== Supplied data ==

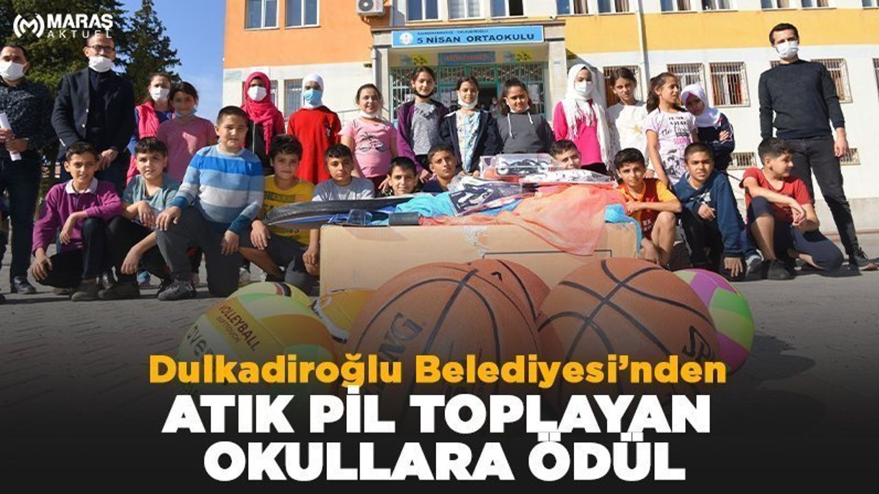 Sıfır Atık Projesi kapsamında ilçede bir çok çevre projesine imza atan Dulkadiroğlu Belediyesi, Taşınabilir Pil Üreticileri ve İthalatçıları Derneği iş birliğiyle atık pil toplayan okulları ödüllendirdi. Her yıl gerçekleştirilen ödül dağıtım programı, pandemi dolayısıyla 2020 yılında ertelenmişti. Geçtiğimiz yılın hediyelerini dağıtan Dulkadiroğlu Belediyesi ekipleri, bu yıl Kahramanmaraş’ta rekor düzeyde pil toplayan Dulkadiroğlu İlkokulu oldu. Yine yoğun bir şekilde pil toplayan 5 Nisan Ortaokulu’da spor malzemeleriyle ödüllendirildi.
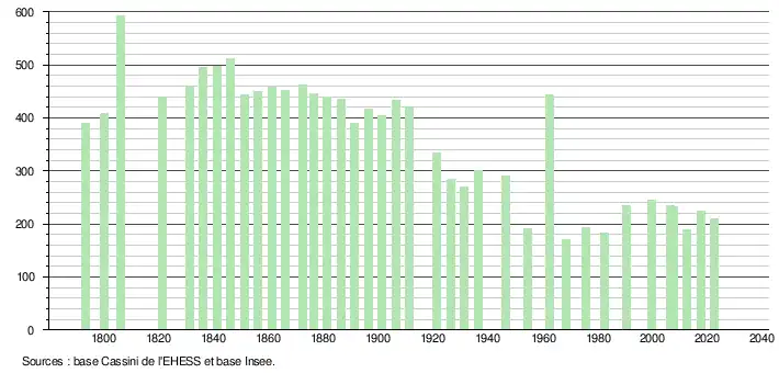 - ↑ Population municipale de référence en vigueur au 1er janvier 2025, millésimée 2022, définie dans les limites territoriales en vigueur au 1er janvier 2024, date de référence statistique : 1er janvier 2022.
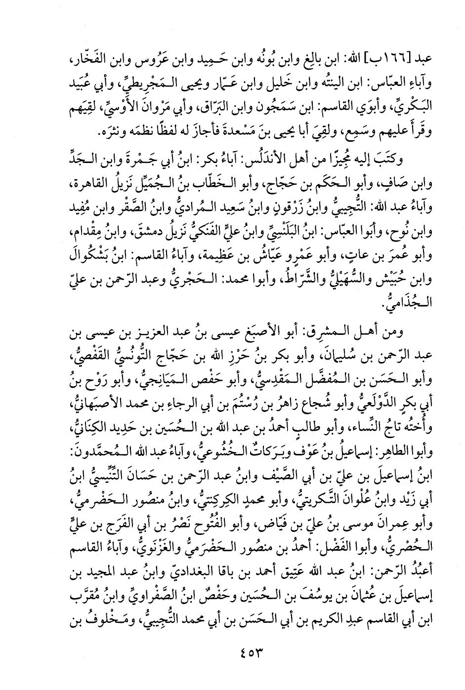 عبد [166 ب] الله: ابن بالِغ وابن بُونُه وابن حَمِيد وابن عَرُوس وابن الفَخّار، وآباءِ العبّاس: ابن الينتُه وابن خَليل وابن عَمَّار ويحيى المَجْرِيطيِّ، وأبي عُبَيد البَكْريِّ، وأبوَي القاسم: ابن سَمَجُون وابن البَرّاق، وأبي مَرْوانَ الأَوْسيِّ، لقِيَهم وقَرأَ عليهم وسَمِع، ولقِيَ أَبا يحيى بنَ مَسْعدةَ فأجازَ له لفظًا نظمَه ونثرَه.

===

**Assigned task:** Output the material above exactly as written and drop any images it holds.

**Task result:**
 Sıfır Atık Projesi kapsamında ilçede bir çok çevre projesine imza atan Dulkadiroğlu Belediyesi, Taşınabilir Pil Üreticileri ve İthalatçıları Derneği iş birliğiyle atık pil toplayan okulları ödüllendirdi. Her yıl gerçekleştirilen ödül dağıtım programı, pandemi dolayısıyla 2020 yılında ertelenmişti. Geçtiğimiz yılın hediyelerini dağıtan Dulkadiroğlu Belediyesi ekipleri, bu yıl Kahramanmaraş’ta rekor düzeyde pil toplayan Dulkadiroğlu İlkokulu oldu. Yine yoğun bir şekilde pil toplayan 5 Nisan Ortaokulu’da spor malzemeleriyle ödüllendirildi.
 - ↑ Population municipale de référence en vigueur au 1er janvier 2025, millésimée 2022, définie dans les limites territoriales en vigueur au 1er janvier 2024, date de référence statistique : 1er janvier 2022.
 عبد [166 ب] الله: ابن بالِغ وابن بُونُه وابن حَمِيد وابن عَرُوس وابن الفَخّار، وآباءِ العبّاس: ابن الينتُه وابن خَليل وابن عَمَّار ويحيى المَجْرِيطيِّ، وأبي عُبَيد البَكْريِّ، وأبوَي القاسم: ابن سَمَجُون وابن البَرّاق، وأبي مَرْوانَ الأَوْسيِّ، لقِيَهم وقَرأَ عليهم وسَمِع، ولقِيَ أَبا يحيى بنَ مَسْعدةَ فأجازَ له لفظًا نظمَه ونثرَه.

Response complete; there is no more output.